- Born: 28 May 1939 Tokat, Turkey
- Died: 16 April 2018 (aged 78) Ankara, Turkey
- Occupations: Professor and architect

= Orhan Kuntay =

Turkish architect and professor (1939–2018)

Orhan Kuntay (28 May 1939 – 16 April 2018) was a Turkish architect and professor of City and Regional Planning specializing in urban sustainability and tourism. He was the led the development of the master plan for the Eastern Anatolia Project (DAP), which encompasses 14 cities and has begun implementation in 2011. Kuntay was the architect of several prominent buildings in Turkey, notably the Queen Sunrise Hotel and the Mosque of Kumbet. He served as a department chairman at the Gazi University and was the author of several published books.

==Early life and education==

Orhan Kuntay was born as the son of Mustafa and Fatma Kuntay in the Northeastern city of Tokat, in 1939. His grandfather, Hacı Ömer Mustafa Kuntay, was the Mufti of Tokat Province of the Ottoman Empire during the WWI.

Kuntay received his bachelor's degree in Architecture from Istanbul Technical University (ITU) in 1963. He continued his education at University of Paris (Sorbonne), earning a Ph.D. in 1969, shortly before the university changed its name in 1970.

==Career==
After completing his 24-month mandatory military service, Kuntay practiced architecture until starting postgraduate studies. During this time, he designed the Mosque of Kümbet in Tokat, which was completed in 1966. The mosque has a futuristic design.

Upon receiving the Ph.D. from University of Paris, Kuntay returned to Turkey and began working at the Karadeniz Technical University. Following the 1980 Turkish coup d'état until 1989, he worked in Algiers as consultant for the Algerian Ministry of Tourism.

Kuntay returned to Turkey in 1989 and worked in an architectural office, during which he designed the Queen Sunrise Luxury Resort, a 1000-bed luxury hotel in Antalya, along with two other large hotels.

Starting from 1993, Kuntay served as the chair of the City and Regional Planning department of Gazi University. He often led major conferences on City Planning throughout Turkey. As a juror for Antalya Environmental Protection Agency he helped preserve several national parks, most notably Köprülü Canyon in 1994.
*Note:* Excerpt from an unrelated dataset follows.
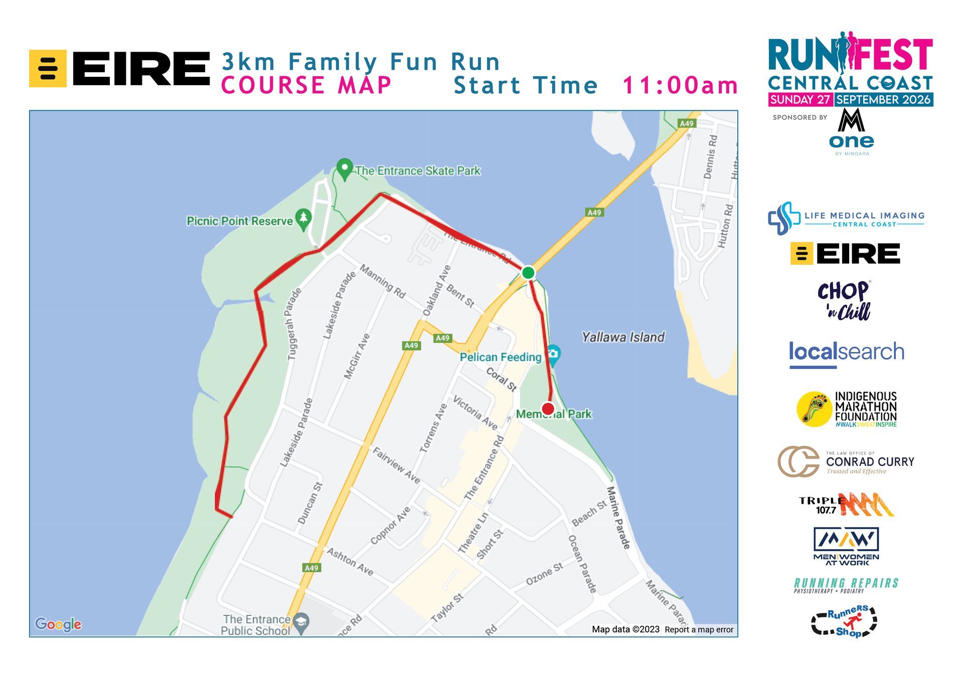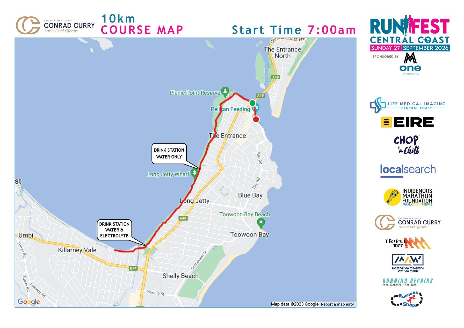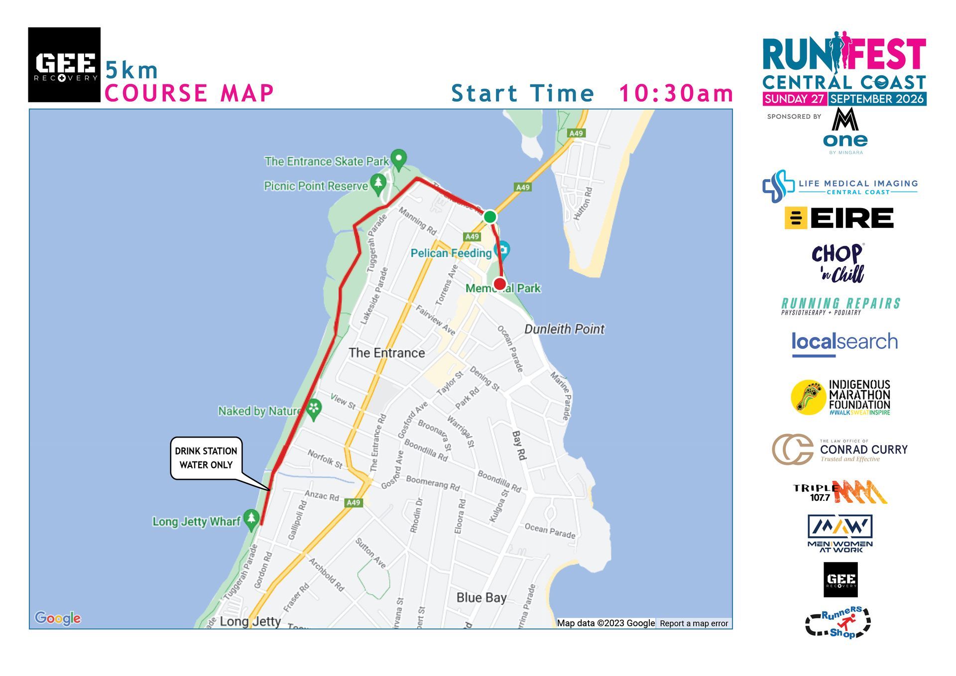 Fast, Flat and Scenic Course – The course is an out and back course. Starting under The Entrance Bridge, at The Entrance it proceeds along the Entrance Road before linking up with the cycleway and continuing along the path for 10.3km at Lions Park Chittaway Bay. The course returns back along same route to finish at the Memorial Park, The Entrance.
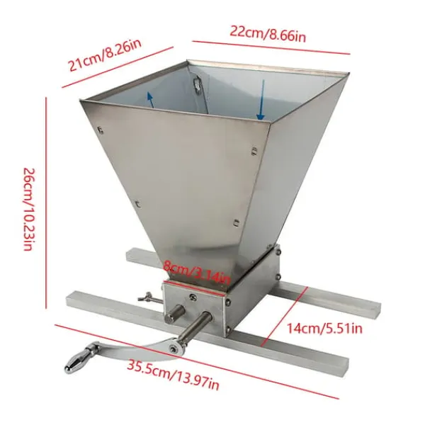 Kompakt spannmånskvarn för hemmetEn hållbar kvarn i rostfritt stål och aluminium som enkelt mal olika sädesslag. Med handvev eller drivning via elborr (ingår ej) får du flexibel användning, jämn malning och hög kapacitet tack vare en stor tratt på 4 liter – perfekt för färskt kross och malt hemma.

Kuntay was the General Manager of the master plan for the Eastern Anatolia Project (DAP), which, following the former Southeastern Anatolia Project, aims at developing the Eastern region of Turkey in many aspects. The project has been ongoing for over 20 years and it is seen as pivotal for the sustainability of the region.

In 2008 he designed a second mosque for Tokat GOP University. This mosque has unique features such as calligraphic roundels similar to those in Hagia Sophia and glass walls that lead to the perception that the dome is hovering over the ground.

Kuntay was the author of the books Pedestrian Zones, Sustainable Parking Design, and Sustainable Turism Planning. He also has written several articles in the Cumhuriyet newspaper

==Death==
Orhan Kuntay died in Ankara on 16 April 2018, at the age of 78.